A slightly jarring start to my journey as when I landed at Heathrow on Saturday the Piccadilly and Jubilee lines of the underground and the Docklands Light Rail – all of which I use in the usual way of getting to my old Isle of Dogs stomping grounds – were shut for repairs. So in a somewhat circuitous route that took me on a tour of the East End and culminated in a walk of half a mile or so from Island Gardens on the north side of the river through the foot tunnel to Greenwich, I finally arrived at my little hotel, which proved to be somewhat like Fawlty Towers – well intentioned but lacking in the execution. It was fine for a couple of nights, and the church of St. Alfege’s – and its bells -- were just outside my window.
On Sunday I had a lovely lunch in Greenwich with old friends – great to be back among them.
Monday morning I had a driving lesson! To acquaint me with driving on the left side of the road in a car with the steering wheel on the right.
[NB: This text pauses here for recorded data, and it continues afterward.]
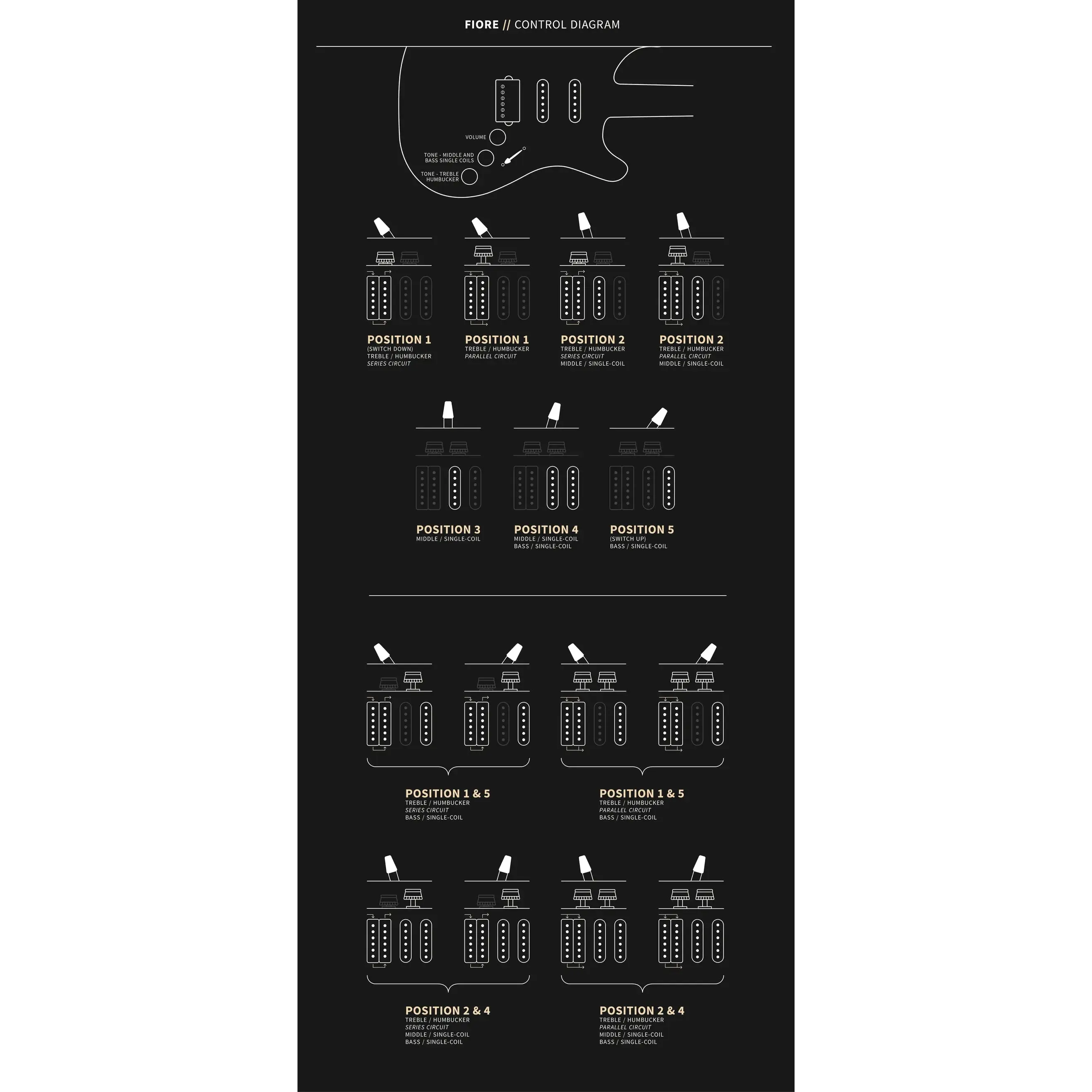 Mais l'exploration sonore ne s'arrête pas là. Le modèle Fiore est équipé d'un sélecteur à lame 5 positions avec câblage traditionnel (chevalet / chevalet + milieu / milieu / milieu + manche / manche). La Fiore dispose également d'un volume unique et de deux commandes de tonalité push/pull, ce qui optimise encore les possibilités de modelage du son de cette guitare.
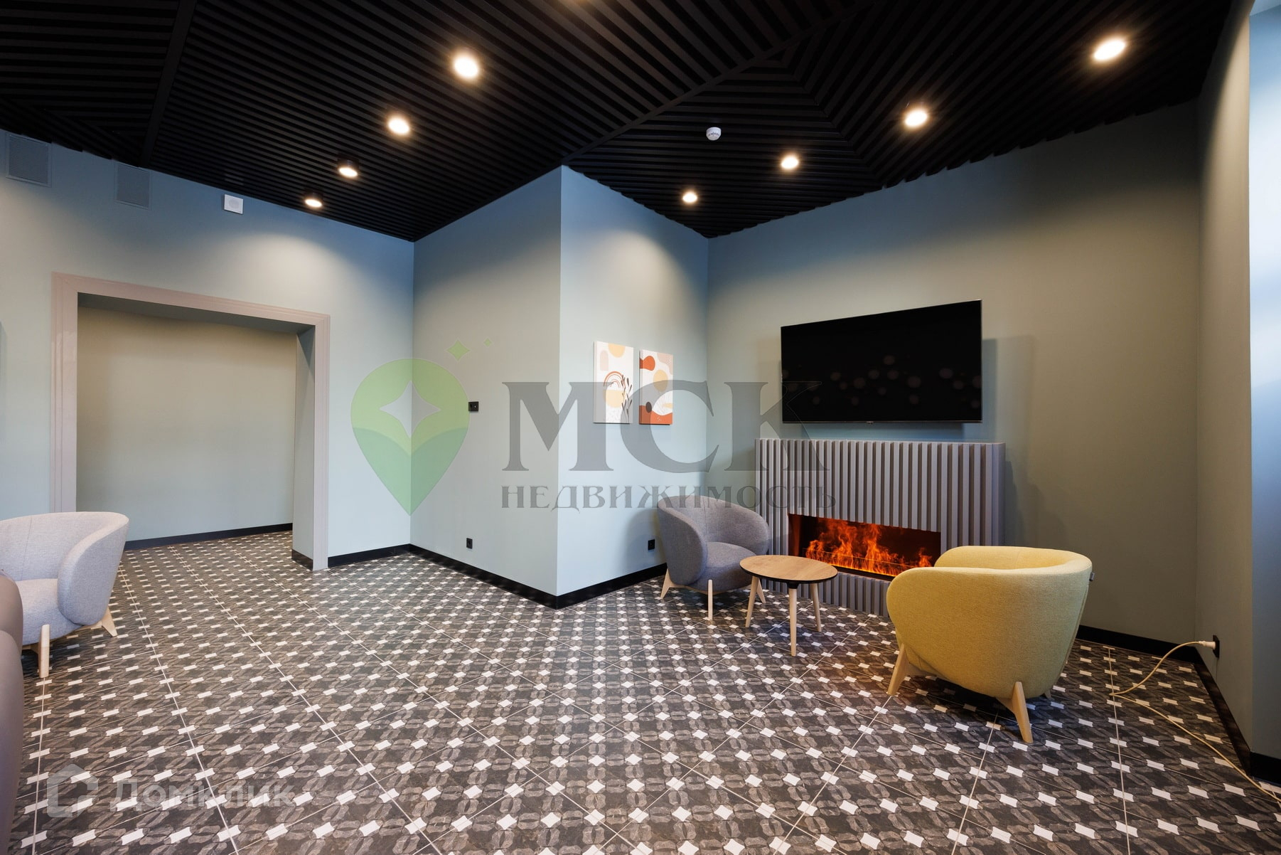 - Дизайнерское лобби с ресепшн, лаунж с мягкими диванами, камином и выходом на террасу.
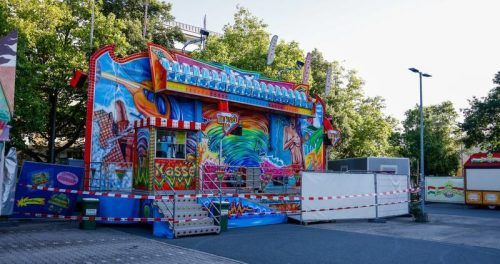 Abgesperrt: Das Fahrgeschäft auf dem Fürther Volksfest im Stadtteil Hardhöhe nach dem Unfall. © Oßwald/News5
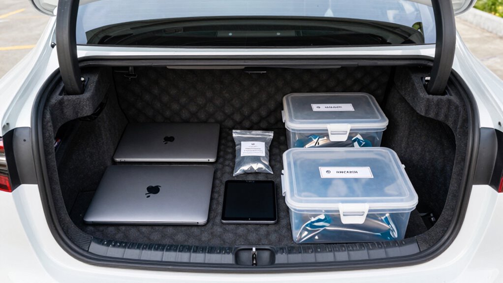 Think of your car trunk as a treasure chest—protecting your electronics is key to keeping your valuable items safe. By choosing the right storage methods, sealing devices properly, and monitoring moisture levels, you prevent corrosion like a shield deflects arrows. Stay vigilant and organized, and your electronics will remain dry and functional, just like a lighthouse standing tall against stormy seas. Keep these tips in mind, and your devices will thank you for it.
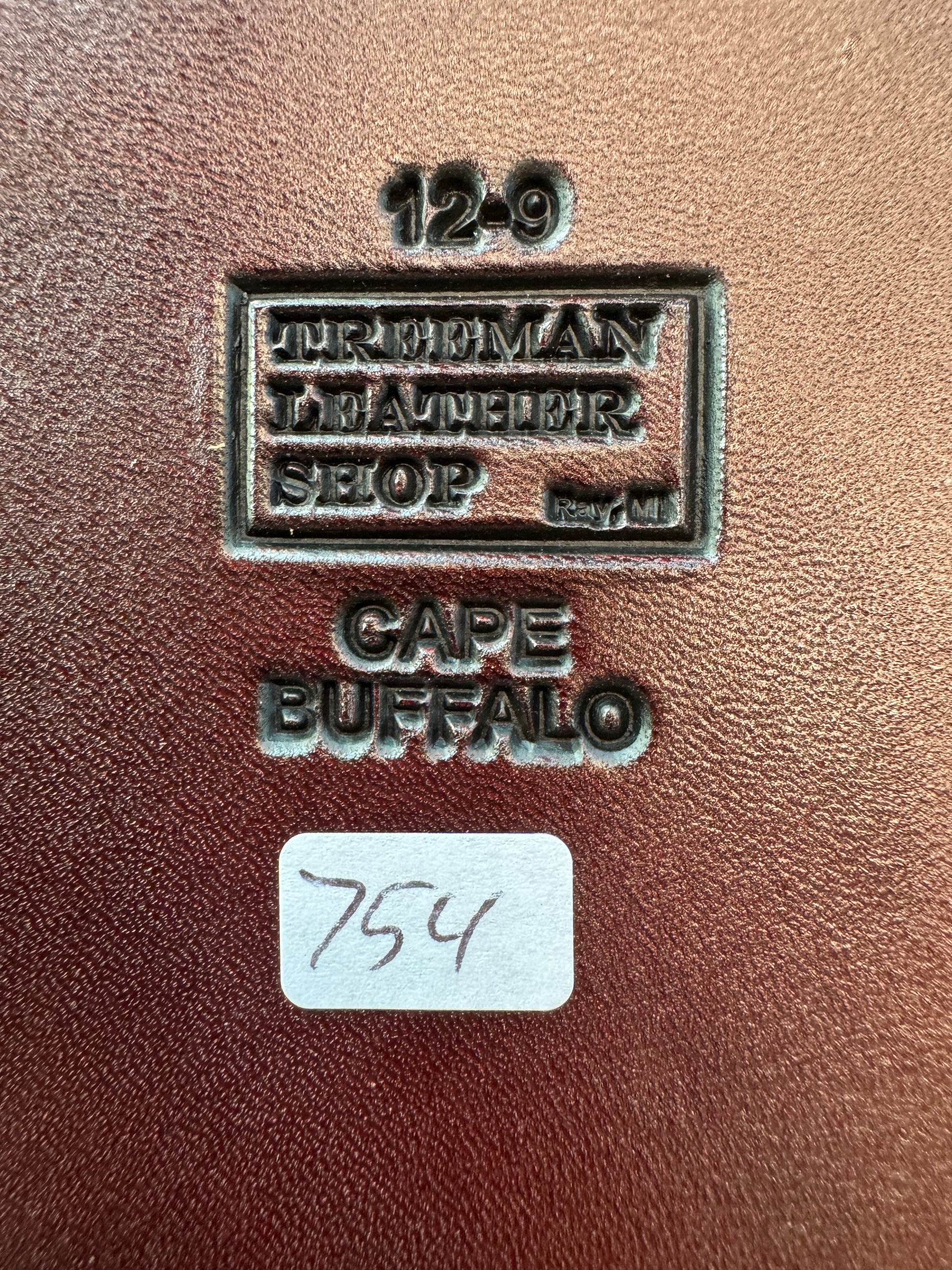 This is a very nice Treeman Cape Buffalo sheath in a dark Brown leather. It has a unique texture color and pattern. There are natural lines and markings on the leather from battle scars, making each sheath unique. The latest from Rocco with brass stamping on the back and Treeman logo inside a square providing a clean organized look. This Buffalo was taken by me in July of 2023 in Tanzania Africa and tanned in the United States.

It was quite disorienting, and driving in London is complicated by very narrow streets, many vehicles double-parked, and many pedestrians.
Immediately after, I met my friend and traveling companion Alice at Canary Wharf, and off we went to Heathrow to collect our rental car, and made our way to Martley, a small village outside Worcester, where we spent a very agreeable night at the Admiral Rodney, a seventeenth century inn that is still keeping the locals and travelers happy with great food, comfy rooms, and welcoming hosts.
Upon hearing that I was tracing the path of Charles II’s escape after the Battle of Worcester, Landlord Des Campbell told us that Cromwell’s men had stayed in the inn in the days leading up to the battle – and one of them I still there! It seems that when he and his wife first took over the property, the gas to the beer kegs would mysteriously be shut off – when no one could possibly have been in the cellar to do it. It happened almost daily, but then less frequently. Until they hired a new bar man – and then he, too, found the same thing happening. Des said that once when he was in the cellar he felt a tap on his shoulder, and looking to the side of whatever he was working on, he saw a pair of men’s legs in high boots of the kind worn by 17th soldiers. His bar man, who had dismissed outright the notion of ghosts, admitted he had seen the same thing…..
Up this morning and we made our way – with me driving! – into Worcester, the site of the battle at which the royalist cause was lost. Charles spent the early part of the day at the top of the cathedral tower, where he could the enemy’s position and give direction. Later he was in the thick of the battle himself, which by afternoon had turned into hand-to-hand fighting in the city streets, and barely escaped the city through the St. Martin’s gate, the last remaining way out that was not held by Cromwell’s troops.
The tower is reached through a seemingly endless and gradually narrowing circular staircase. As we made our way down, I couldn’t help thinking about poor Charles, and how, in making that descent, he knew his life and throne were in jeopardy and that whatever followed would be difficult and dangerous.